California Congressman Tom McClintock gives the answer in an illuminating op-ed in today’s Wall Street Journal.  Turns out our forests have become dangerously overcrowded ever since Congress passed costly environmental regulations in the 1970s.

As a result 80% less timber is harvested from federal lands and fire now destroys a proportionally increased amount of acres.  For a good chunk of the 20th century foresters paid for the ability to harvest excess timer, the forests thrived, and revenues supported forest management.

Now land management is an expensive government cost and our beautiful forests have become a deadly firetrap.

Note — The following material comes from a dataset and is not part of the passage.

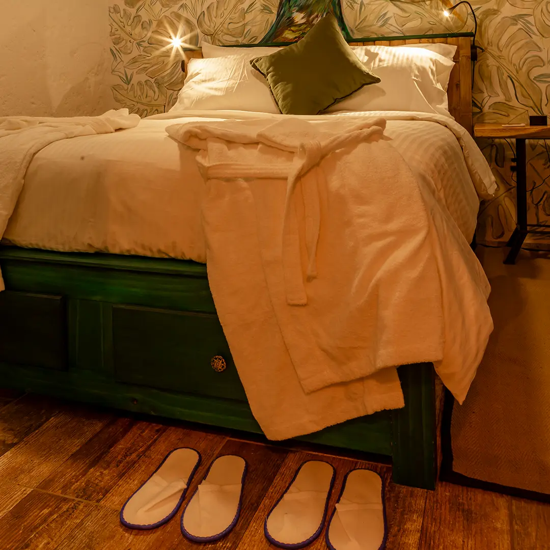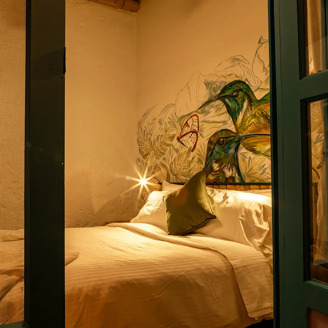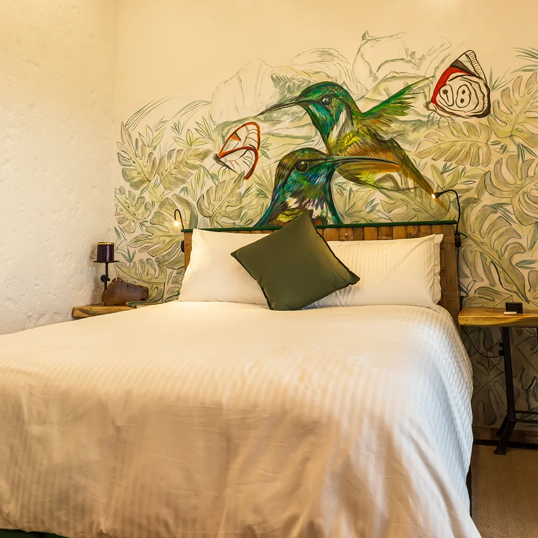 Déjate envolver por la suavidad de la luz y el susurro de la naturaleza. La habitación Colibrí es un refugio donde cada detalle ha sido pensado para tu descanso: cama doble con ropa de cama suave, baño privado con ducha amplia, secador de cabello, batas y artículos de aseo premium. Clóset, caja fuerte y un encantador patio con vista al jardín, donde los colibríes suelen pasar rozando las flores.

A half-century of environmental regulation hasn’t helped the forests thrive. A typical acre in the Sierra can support roughly 80 mature trees, but the current density is more than 300 trees. A single fully grown tree can draw 100 gallons of water from the soil on a hot day. Drought kills overcrowded forests quickly.

Blaming climate change doesn’t account for the dramatic difference that can be seen from the air between federal lands and private forests that practice smart forest management.

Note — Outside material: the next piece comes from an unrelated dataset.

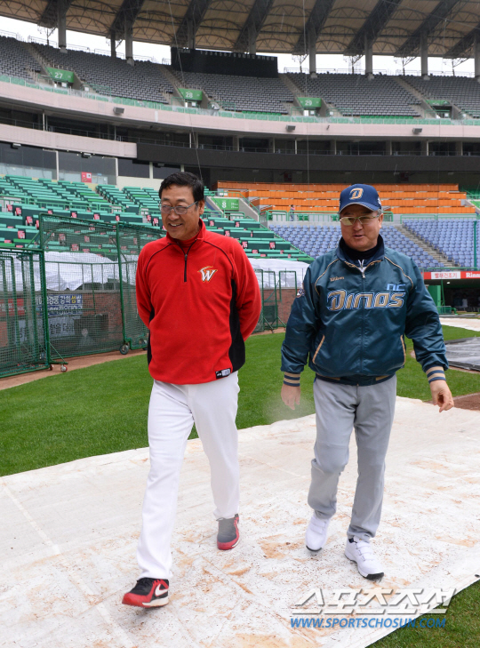 29일 문학SK행복드림구장에서 열릴예정인 SK와이번스와 NC다이노스의 경기는 우천으로 취소되었다. SK 김용희 감독과 NC 김경문 감독이 비오는 그라운드를 걸으며 이야기를 나누고 있다. 인천=최문영 기자 deer@sportschosun.com /2015.04.29/

On federal land management the smart path forward (and the mess made by misguided environmental regulation) are pretty clear.

Decaying or burning forests make a mockery of laws aimed at reducing carbon emissions. Wildfires in the U.S. pump an estimated 290 million tons of carbon dioxide into the air every year. Healthy, growing forests absorb it. Milling surplus trees sequesters their carbon indefinitely and renews the forest’s ability to store still more.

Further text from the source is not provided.